Yinjie Gao, Michelle M. Stein, Prerna Jain, Denise Lau, Kimberly L. Blackwell, and Aly A. Khan
Immune checkpoint blockade (ICB) therapies have emerged as an essential treatment modality in lung cancer. While ICB therapies are approved in several indications for stage IV and metastatic non-small cell lung cancers (NSCLC), approvals for early but invasive tumors have been limited. To investigate the molecular landscape potentially underlying this difference, we assessed levels of known ICB biomarkers and transcriptome-wide pathway activity between stage III and IV NSCLC primary tumors across a real-world cohort.
Following exome-capture bulk RNA sequencing of tumors with non-squamous NSCLC histology, data underwent quality control and normalization.
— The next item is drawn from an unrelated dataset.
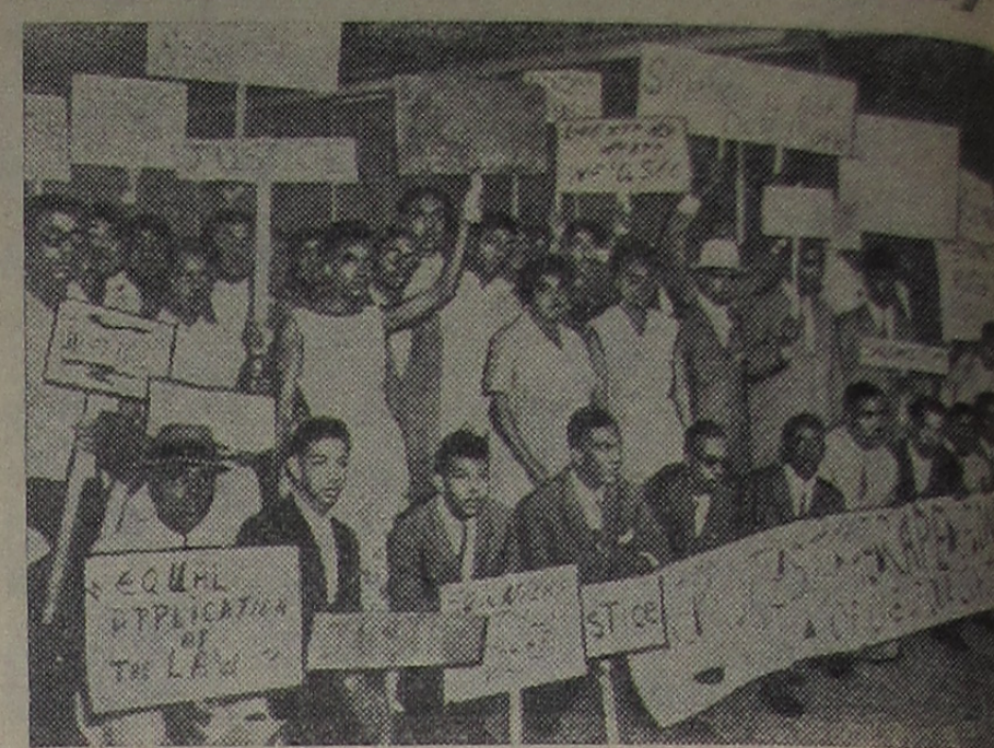
СОБДИНЕННЫЕ ШТАТЫ АМЕРИКИ. Почти половина негритянских студентов сельскохозяйственного и механического университета Флориды вышла на демонстрацию с требованиями сурово осудить четырех белых мужчин, изнасиловавших студентку-негритянку. На территории университета состоялся митинг протеста. На снимке: участники демонстрации. Плакаты гласят: «Молчание — это не наш лозунг!», «Одинакового применения закона!».

We employed a linear regression approach adjusted for age, sex, and tumor purity to identify hundreds of differentially expressed (DE) genes by stage (false discovery rate=5%). Correlations were evaluated by Pearson’s coefficient, and differences in means were assessed by Mann-Whitney U test and Student’s t-test, as appropriate.
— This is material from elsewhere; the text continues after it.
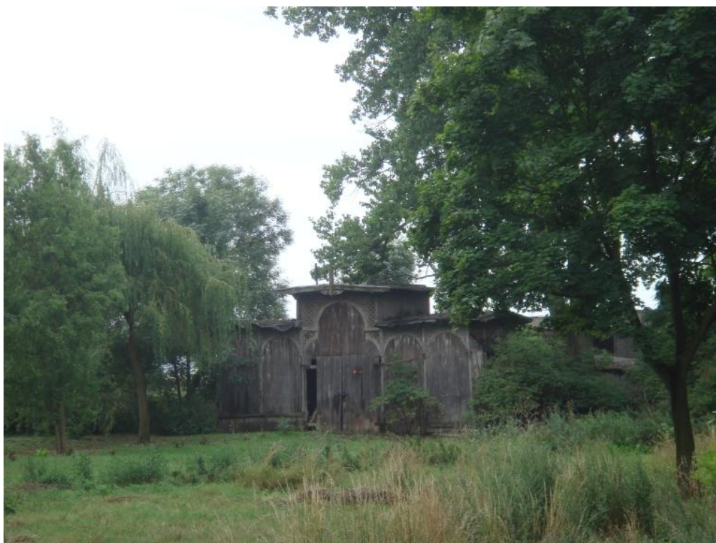
Przykładowe zabytki gminy Pęcław

From KEGG gene set enrichment analysis of the DE genes, we found metabolic pathways were significantly enriched in stage IV tumors. In contrast, several immune-related pathways were relatively depleted in stage IV tumors, including pathways associated with NF-κB signaling, IL-17 signaling, TNF signaling, Th1 and Th2 differentiation, and Th17 differentiation. Consistent with this depletion of immune signaling pathways in stage IV tumors, several important ICB biomarkers including CTLA4 and PDCD1 (PD-1) had increased expression in stage III tumors relative to stage IV. Notably, CD274 (PD-L1) expression did not differ by stage, nor did tumor cell PD-L1 protein levels, as measured by IHC. In addition, PD-L1 gene expression and protein levels were concordant across both stages (P<2.2e-16). Based on these results, we next examined differences in overall level of immune infiltration using estimated immune proportions derived from gene expression data. While overall immune proportion did not differ significantly between stage III and IV tumors, stage III tumors had a significantly higher estimated proportion of CD4+ T cells relative to stage IV, and stage IV tumors had a significantly higher proportion of macrophages relative to stage III.
These results demonstrate enrichment of immune activation gene expression pathways and paradoxically, increased expression of immune checkpoint biomarkers in stage III tumors relative to stage IV tumors, suggesting that evolution of metastasis in NSCLC tumors is accompanied by consequential changes in the tumor-immune microenvironment. This comprehensive assessment of the expression of immune checkpoint genes, and the transcriptome more broadly, may help to inform the development of anti-cancer immune modulating agents or use of existing ICB in early-stage NSCLC.